Mais la lenteur et le silence attendus dépassent de très loin les conventions culturelles ou simplement le calme nécessaire au recueillement devant la manifestation du sacré. Amédée Ayfre l’exprime magnifiquement :

C’est que tout ici plonge dans le silence de l’âme.[…] Ses voix se sont tues et elle en est réduite maintenant, comme le dernier des hommes venant en ce monde, à interpréter

des signes ambigus, à deviner son Dieu au travers d’une croix d’ombre sur le sol, à croire en lui dans une hostie blanche et muette, à se laisser égarer aussi par le sourire trompeur d’un juge hypocrite. Mais elle sait rester fidèle dans les ténèbres à ce qu’elle a vu dans la Lumière et dans le silence de ses Voix, écouter les Voix du silence qui, avant d’être celles de l’art, sont celles de la foi107.

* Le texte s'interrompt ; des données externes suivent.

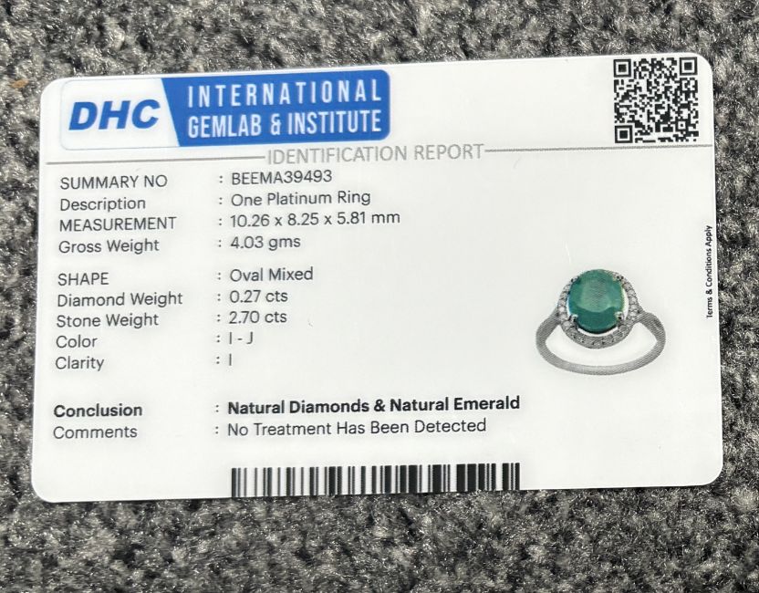 Title: Beautiful 2.70 CT Natural Emerald Ring With Natural Diamonds & Platinum 950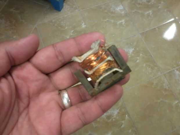 Primero tuve un alambre grueso con el mismo núcleo de ferrita y puede ser herida en 4 giros de parejas, por lo que no funcionó.

Au procès de La Ricotta, il n’est pas question de foi, qui n’est ni une catégorie juridique ni une revendication de Pasolini. La protection pénale concerne la religion et le substitut évoque également le sentiment religieux d’une majorité d’Italiens. Le tribunal n’est pas le lieu de discuter des articulations toujours problématiques entre foi, religion, sentiment religieux et respect du sacré. Si Pasolini ne cesse de revendiquer son athéisme, il revendique tout autant sa volonté de défendre le sacré que le magistrat cherche à protéger. Comment, puisque tous s’accordent sur la nécessité de respecter le sacré, expliquer l’apparition du sacrilège ? On peut dès lors se demander ce que recouvrent ces catégories de sacré et de profane, jamais définies mais bien présentes dans le droit, à la fois incontournables et insuffisantes, et dont on peut finalement douter de la pertinence. A cela s’ajoute que cette opposition sacré-profane ne permet pas de saisir la cohérence de la pensée, de l’attitude et de l’œuvre de Pasolini devant le sacré et la religion. Condamnant à ne voir dans le magma de La Ricotta qu’un tissu de contradictions gratuitement provocatrices ou racoleuses comme le perçoivent – ou voudraient le faire croire – le substitut Di Gennaro puis les magistrats de la Cour de cassation, ce cadre de pensée n’éclaire que partiellement ce qui se joue au procès et dans le film lui-même.